Subject: Re: [linux-audio-dev] Memory Debugger
From: Josh Green (jgreen_AT_users.sourceforge.net)
Date: Thu May 23 2002 - 04:56:11 EEST
On Wed, 2002-05-22 at 15:18, Erik de Castro Lopo wrote:
> On Wed, 22 May 2002 16:54:58 -0400 (EDT)
> "Richard C. Burnett" <burnett_AT_tality.com> wrote:
>
> >
> > I am looking for a product similar to Purify to use in Linux, any ideas?
>
> I'm not too sure of the full specs of Purify but I have seen the advertising.
>
> Electric Fence may cover a large portion of what Purify does. I have used
> it a number of times and I found it very effective.
>
> Search http://freshmeat.net for it or if you use Debian:
>
> apt-get install electric-fence
>
> Cheers,
> Erik
> --
I just recently had the need for a good malloc debugger. I tried about 3
different solutions and didn't like the results I got with any of them.

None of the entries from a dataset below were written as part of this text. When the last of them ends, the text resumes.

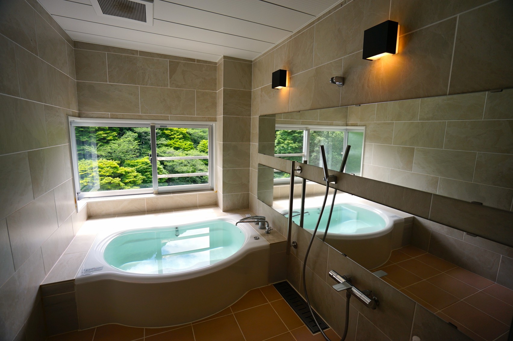 美人の湯を満喫できる「源泉内風呂」を備えた特別室。大人数での旅行でも広々快適にお過ごし頂ける室数限定の特別室。 ※3名以下でご利用の場合2名様はベッドでご用意
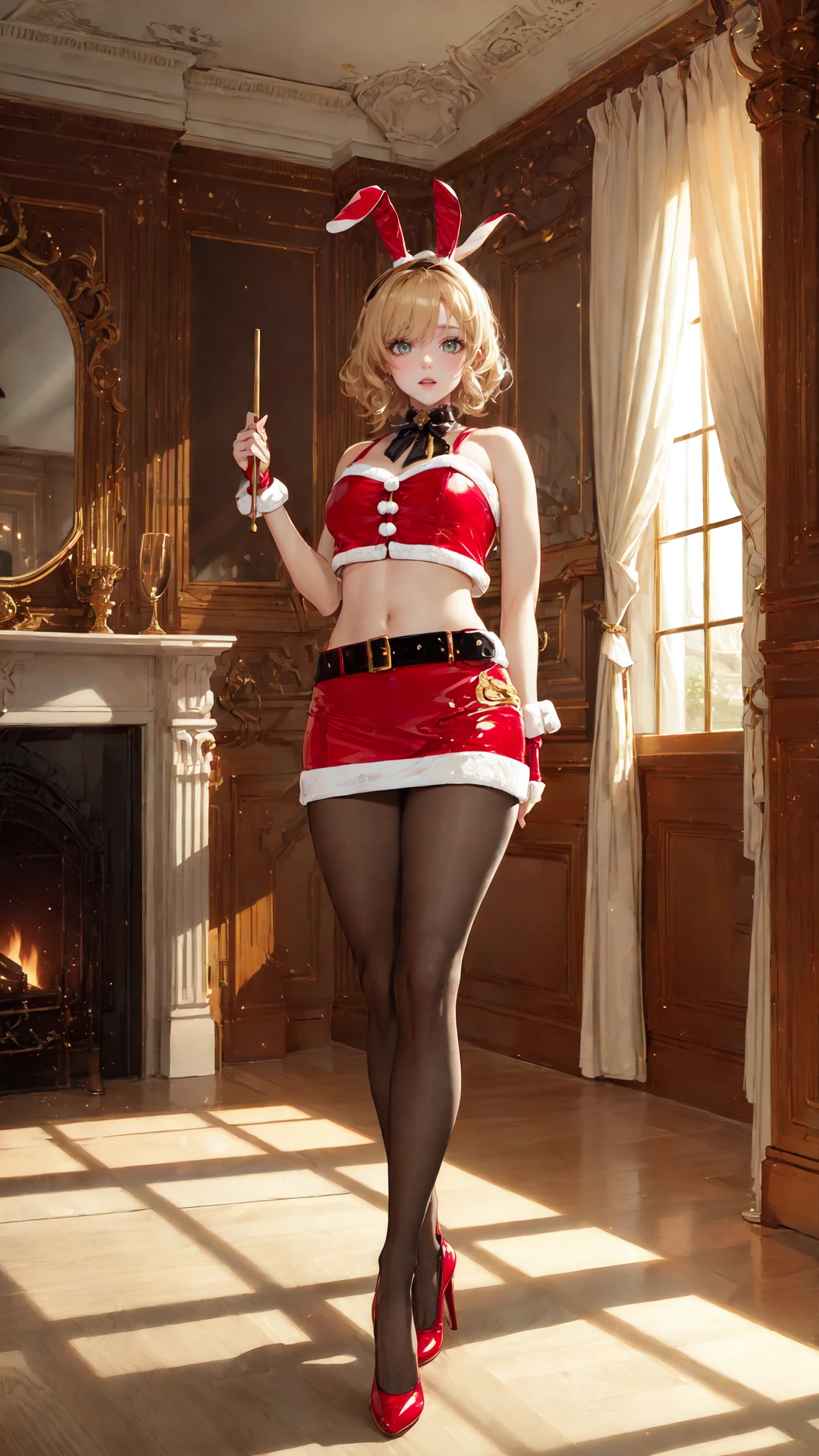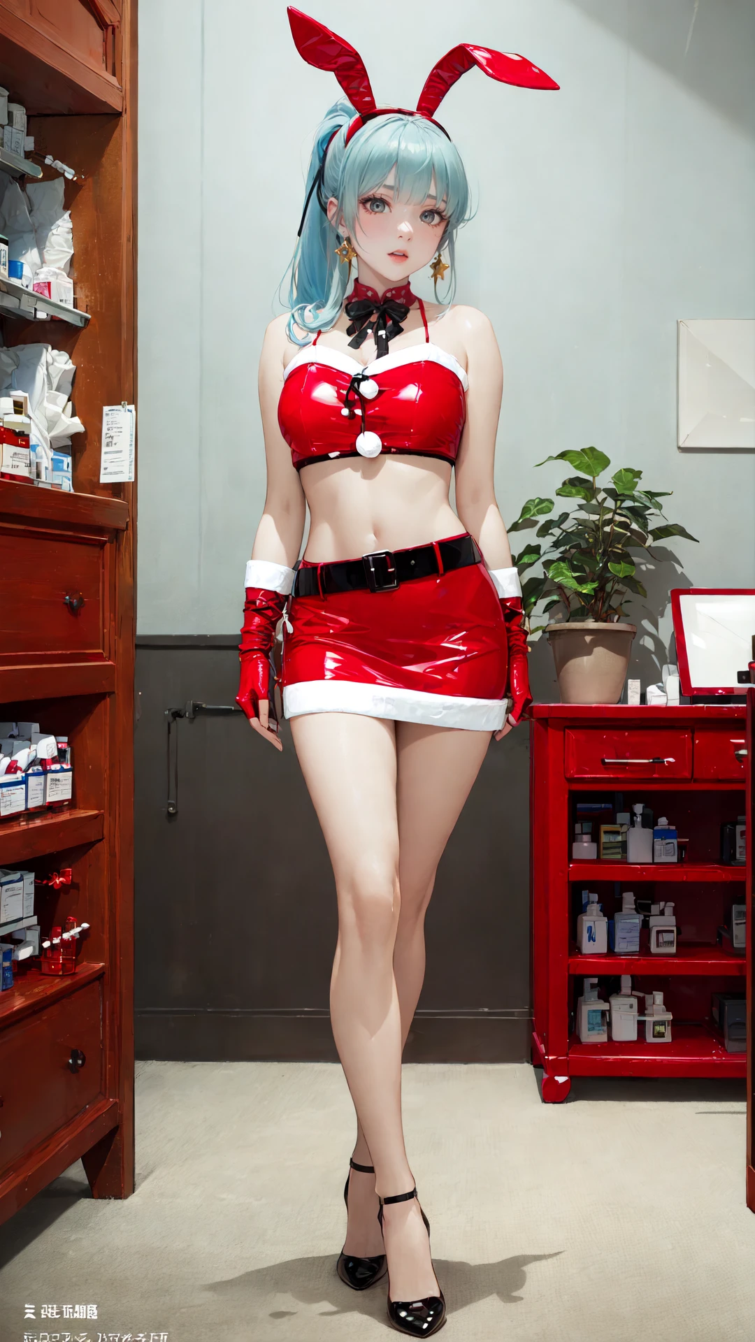 tutututu, bare shoulders, belt, crop top, red pencil skirt, miniskirt,christmas_dress,fur trim, red fingerless gloves, midriff, santa costume, rabbit tail, rabbit ears, fake animal ears,
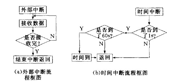 為了確保主機正常工作。加入主機等待分機回復的等待時間。而為了時間的實時性和準確性,用到單片機內部的定時器1.設定其工作模式為模式1,初值為Ox4bff(5Oms)。中斷20次為1s,60次循環(huán)為60s,當60s到時,標志位置位后返回。時間中斷流程圖如圖7(b)所示。
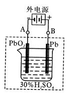 (2)在完全放電耗盡PbO2和Pb時,若按右圖連接,電解一段時間后,則在A電極上生成__________,B電極上生成________,此時鉛蓄電池的正負(fù)極的極性將____________。![]()
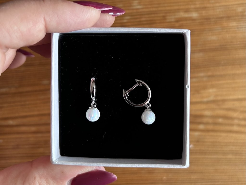 - Materiál: Náušnice jsou vyrobeny z kvalitního stříbra 925/1000, doplněny syntetickým opálem, který krásně vyniká na jednoduchém podkladu. Rhodiovaná úprava nejen zajišťuje luxusní vzhled, ale také poskytuje ochranu před opotřebením a ztrátou lesku.

I eventually solved my problem with a gdb hardware memory watch. I wish
I had thought of that first. efence seems like it might work for me, but
it has problems with multiple threads or something, because I kept on
getting a SIGILL signal (Illegal Instruction) within the efence code and
could get no trace back in GDB. Its also horrendously slow. Perhaps I
just didn't know what I was doing, if anyone has any tips for using
efence or a better solution, please enlighten me :)
I also tried a program called njamd, but it was tripping up with most of
the shared libraries I was using. Not wanting to go into debugging the
shared libraries and not knowing how to skip over them, I gave up on
that one too. It seemed a lot faster and more thorough (perhaps too much
or maybe it was giving me false alarms) than efence, but it is not being
maintained. It would be cool to have a memory debugger that worked and
didn't kill my machine while it was running. Cheers.